====== EXCERPTED DATA

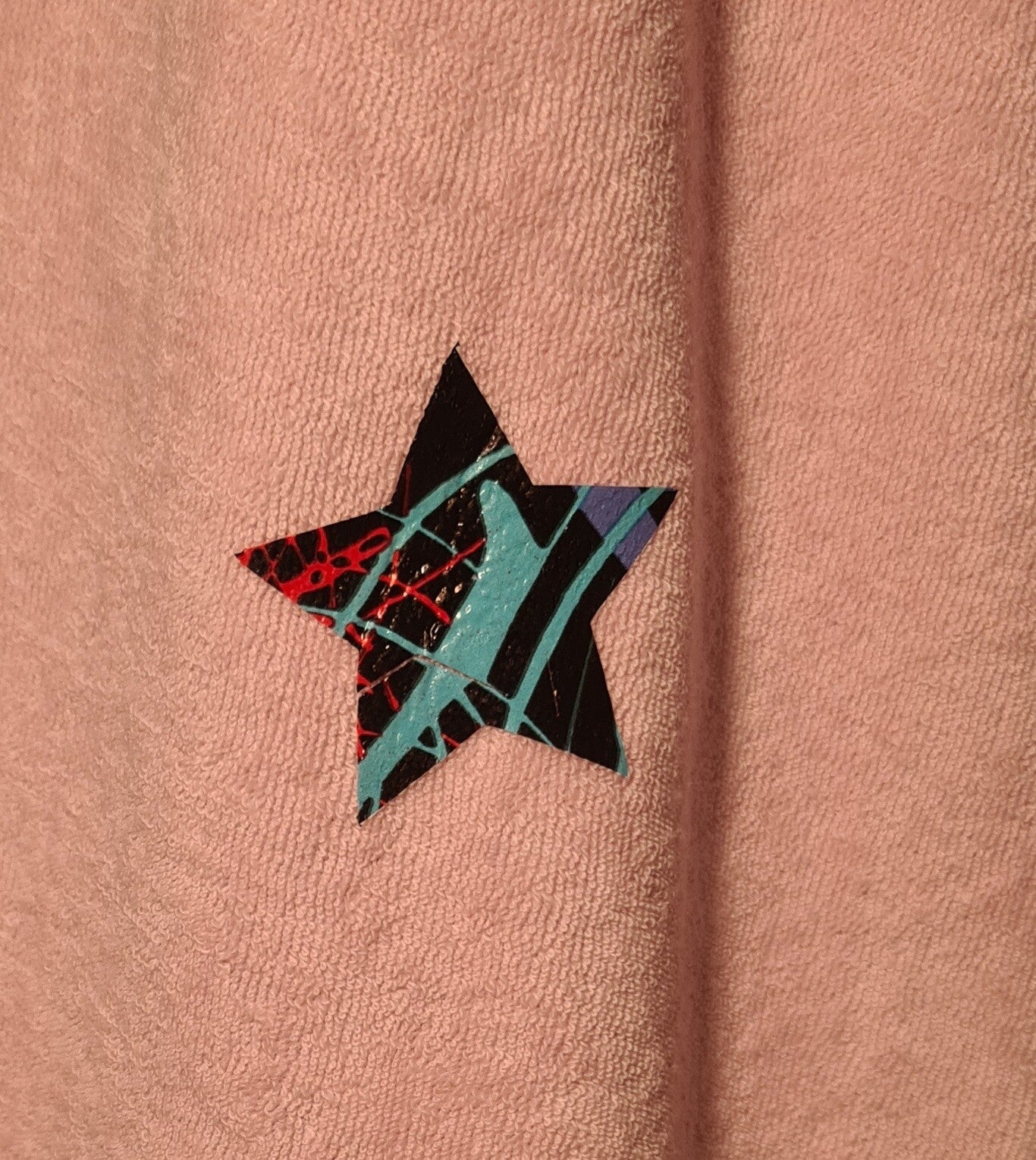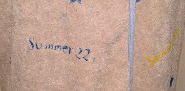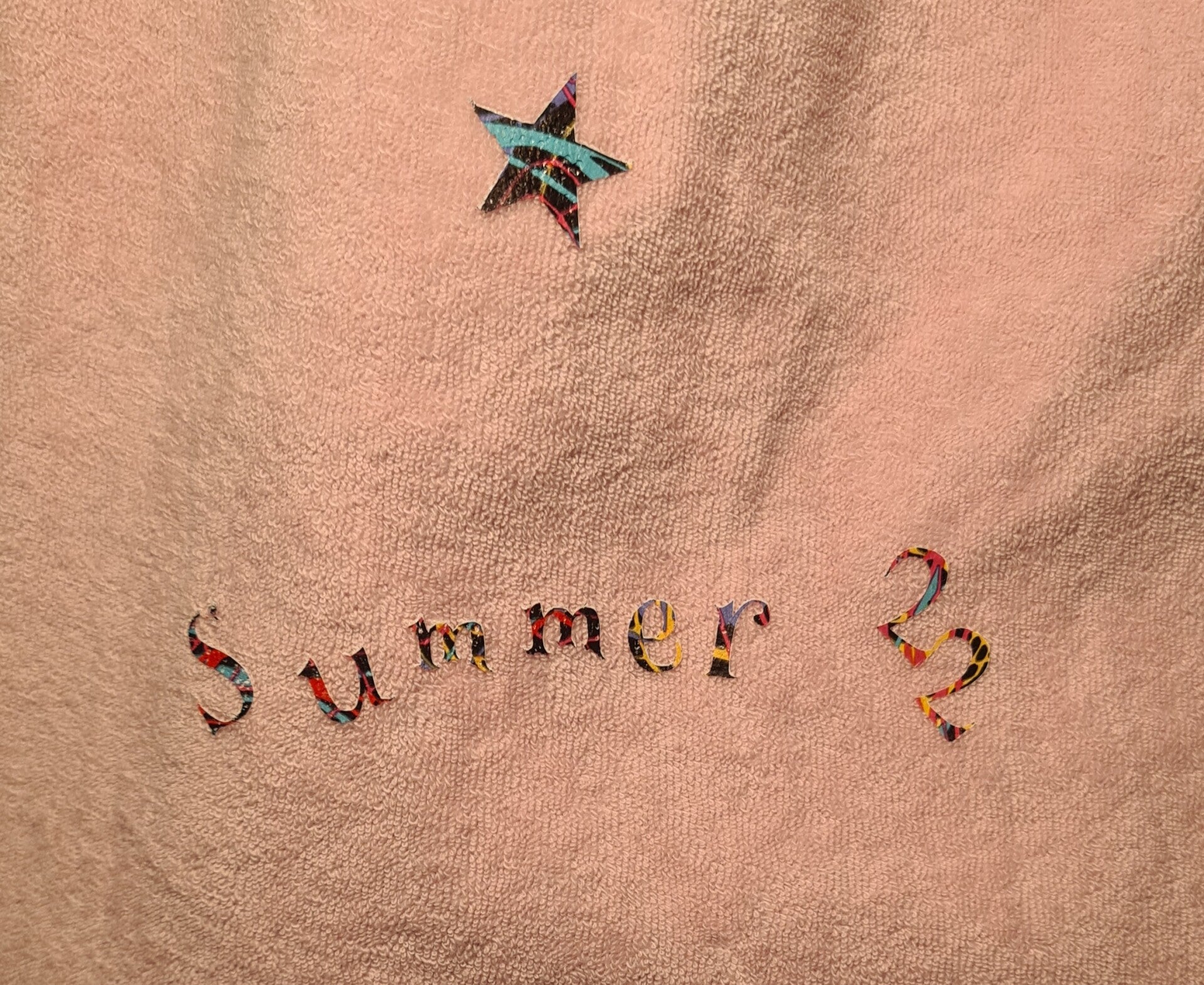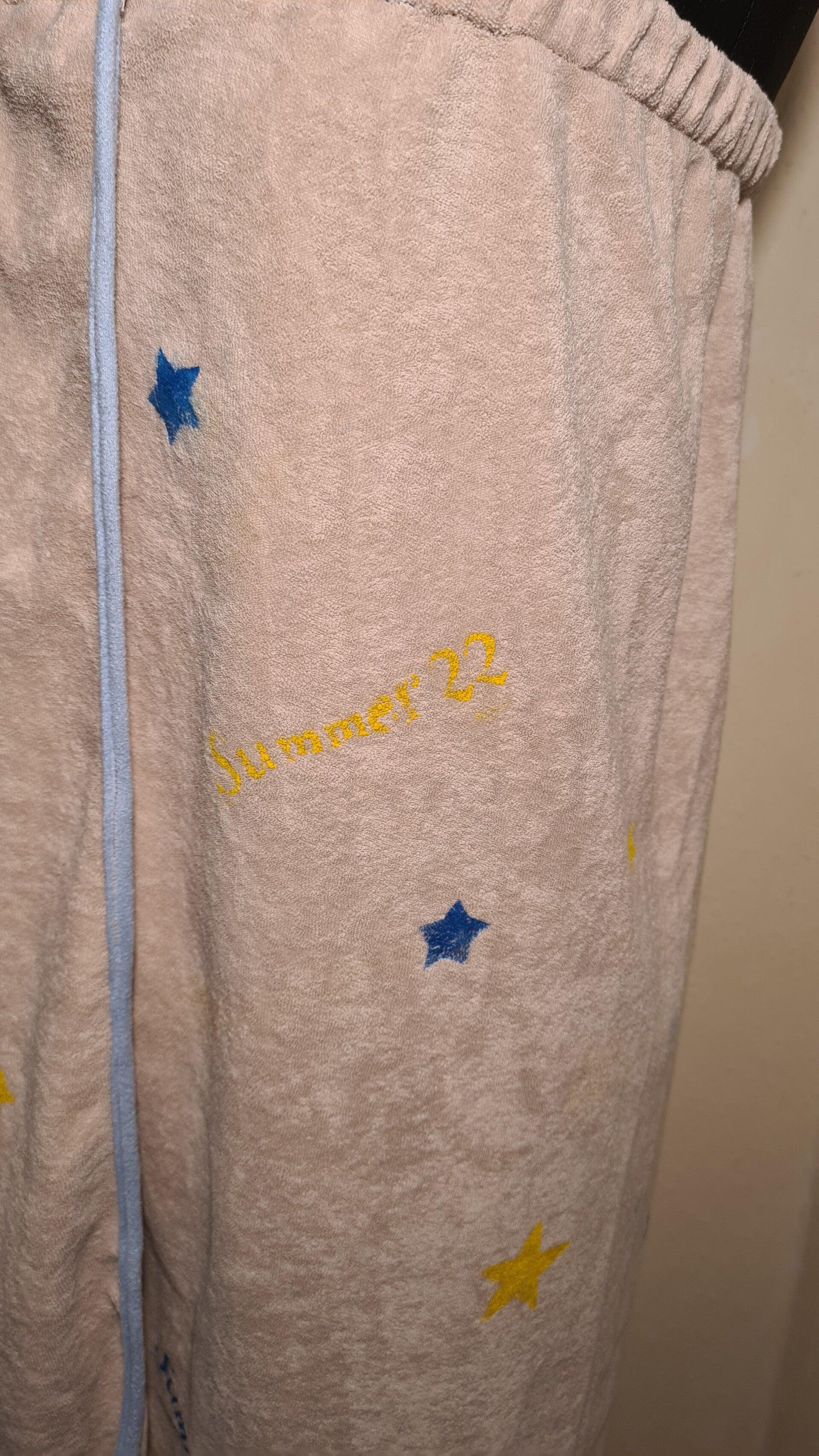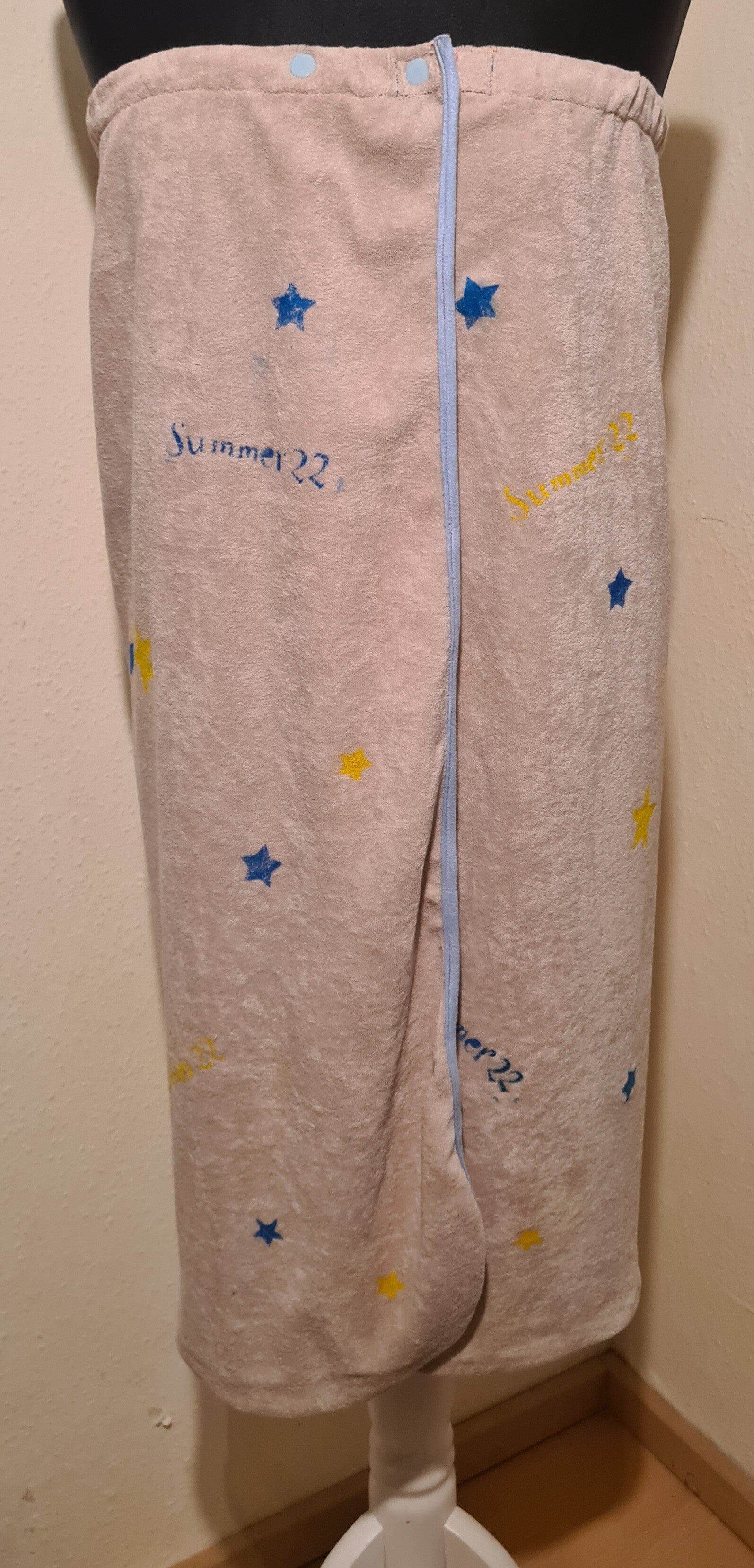 Modell 2 : Hellbeiger Frottee Motiv Stempeldruck Gelb & Blaue Sterne & Summer 22
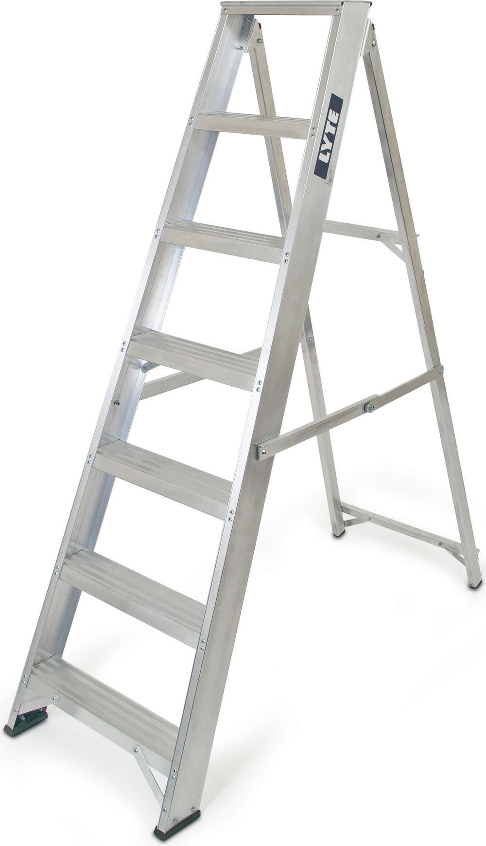 This range of Magnastep ladders from Lyte is ideal for trade use and is tested to a durability test of 50,000 cycles. Simple, safe and easy to transport and use, the Lyte NESS7M Swingback Stepladders feature a unique strengthening beam that is incorporated into the non-slip treads. Designed for professional and heavy duty use, this 7 tread step ladder has durable rubber feet and aluminium side arms prevent slips and twists with no tapes or flimsy arms to break.
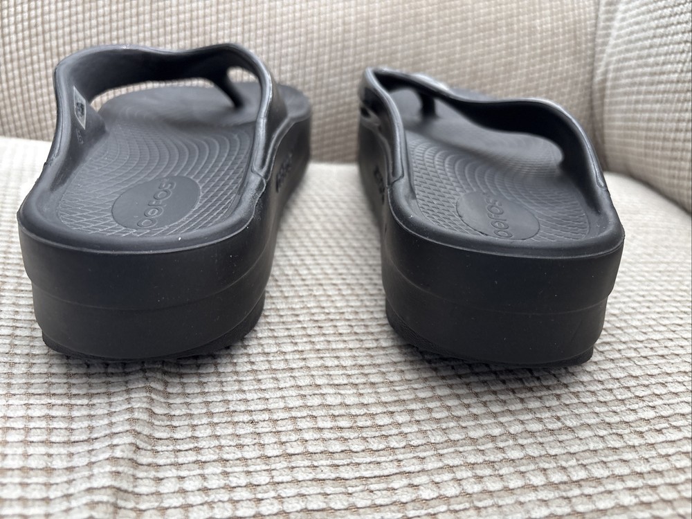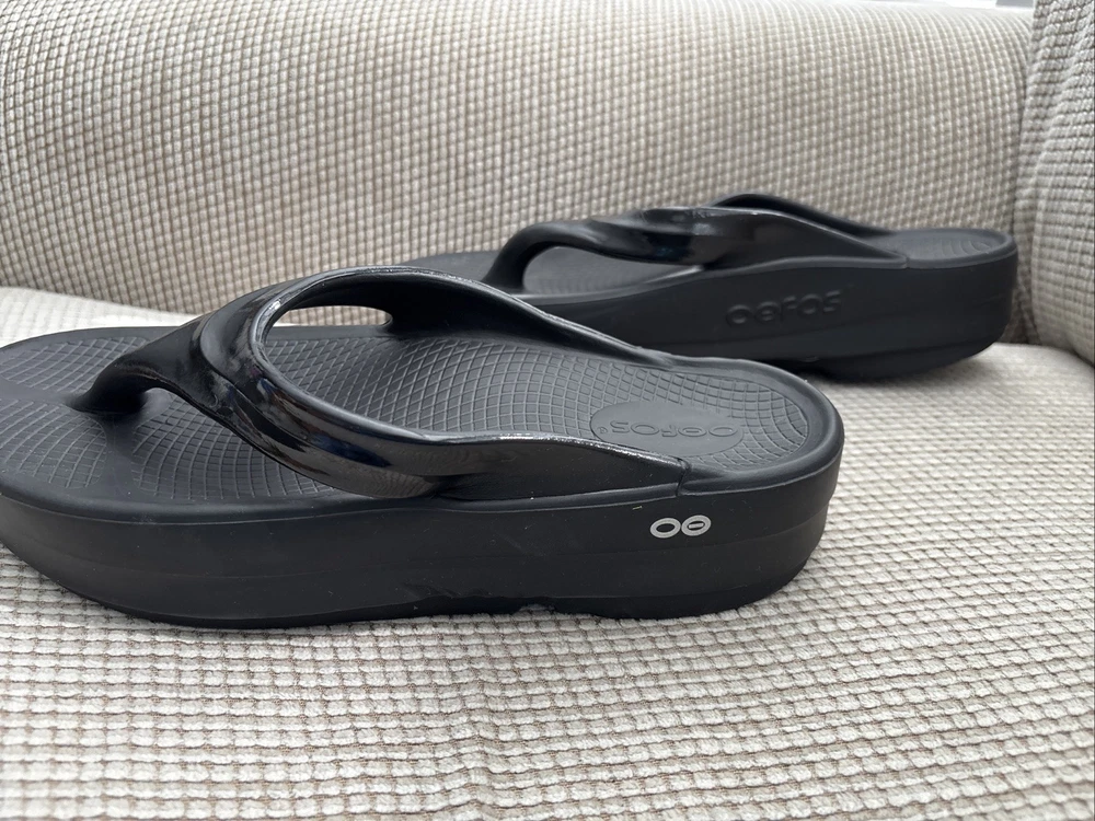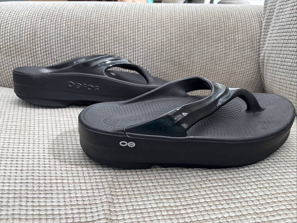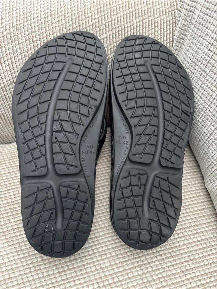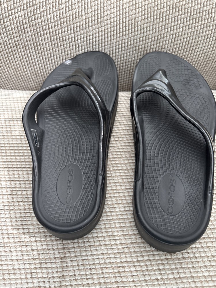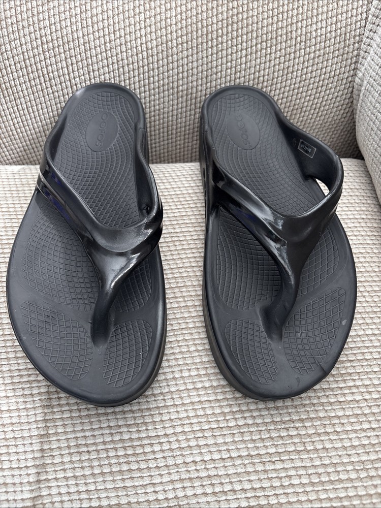 The Women's OOFOS Thong Sandals are in black, size 11, featuring a slip-on style with a solid pattern and logo accents. These comfortable flip-flops are designed for casual wear and are made with a breathable synthetic upper material. The OOFOS sandals are part of the Comfort Plus product line, ideal for providing comfort and support for recovery after physical activity or for everyday use.
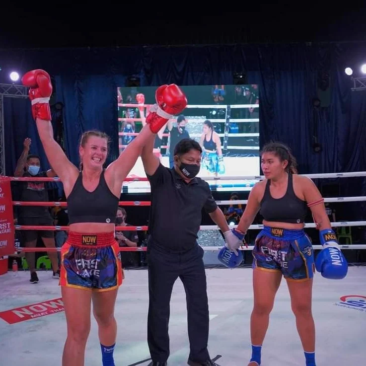 Hoe werkt het eigenlijk, hoe daag je jezelf uit en hoe ver kan je dan gaan? Dus ik bedacht, ik wil in de ring stappen. En dat deed, 26 februari 2022 had ik mijn eerste Muay Thai fight. Het was geweldig en vreselijk tegelijk!
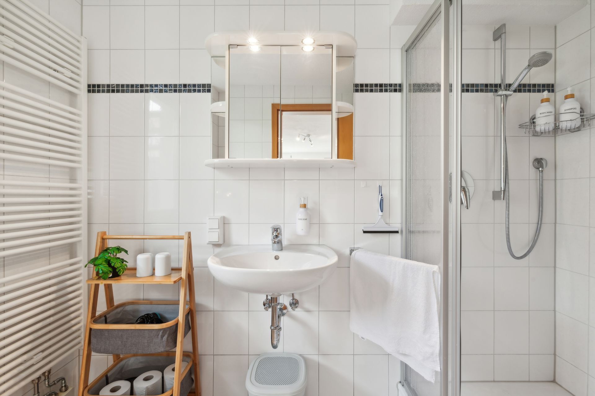 • Badezimmer: Modern und praktisch mit Dusche, WC und einem Waschtrockner – ideal für längere Aufenthalte.
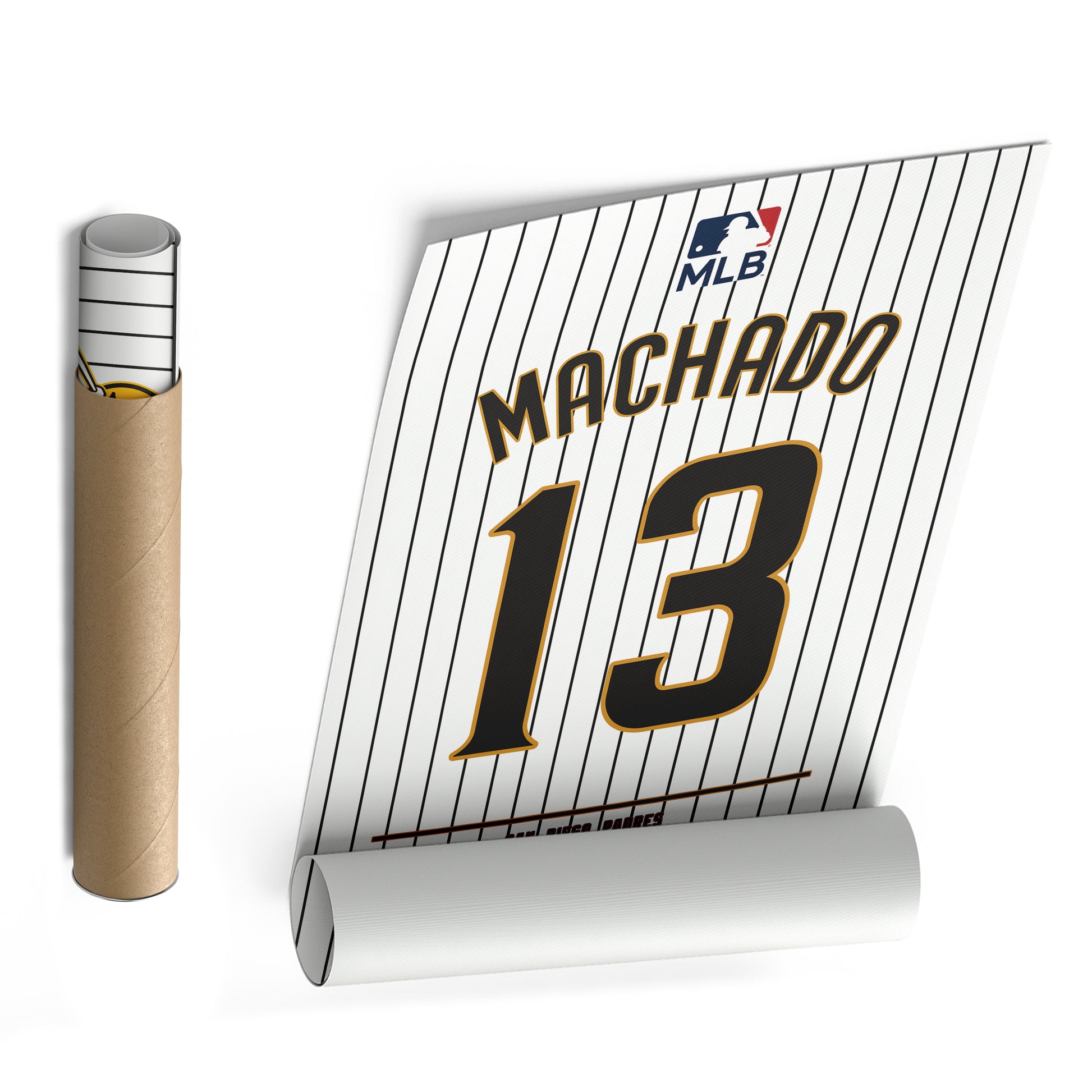 Featuring Manny Machado’s iconic Padres jersey number and team logo, this premium canvas is available in various sizes and can be framed or unframed to suit your decor needs. It’s the ideal gift for sports enthusiasts and baseball lovers alike, offering high-quality materials and a lasting impression.

============

§ WORK REQUIRED
Starting at the line that contains "für längere Aufenthalte.", return every line through the end of the records above exactly as written, and return no pictures.

§ REPLY TO THE TASK
 • Badezimmer: Modern und praktisch mit Dusche, WC und einem Waschtrockner – ideal für längere Aufenthalte.
 Featuring Manny Machado’s iconic Padres jersey number and team logo, this premium canvas is available in various sizes and can be framed or unframed to suit your decor needs. It’s the ideal gift for sports enthusiasts and baseball lovers alike, offering high-quality materials and a lasting impression.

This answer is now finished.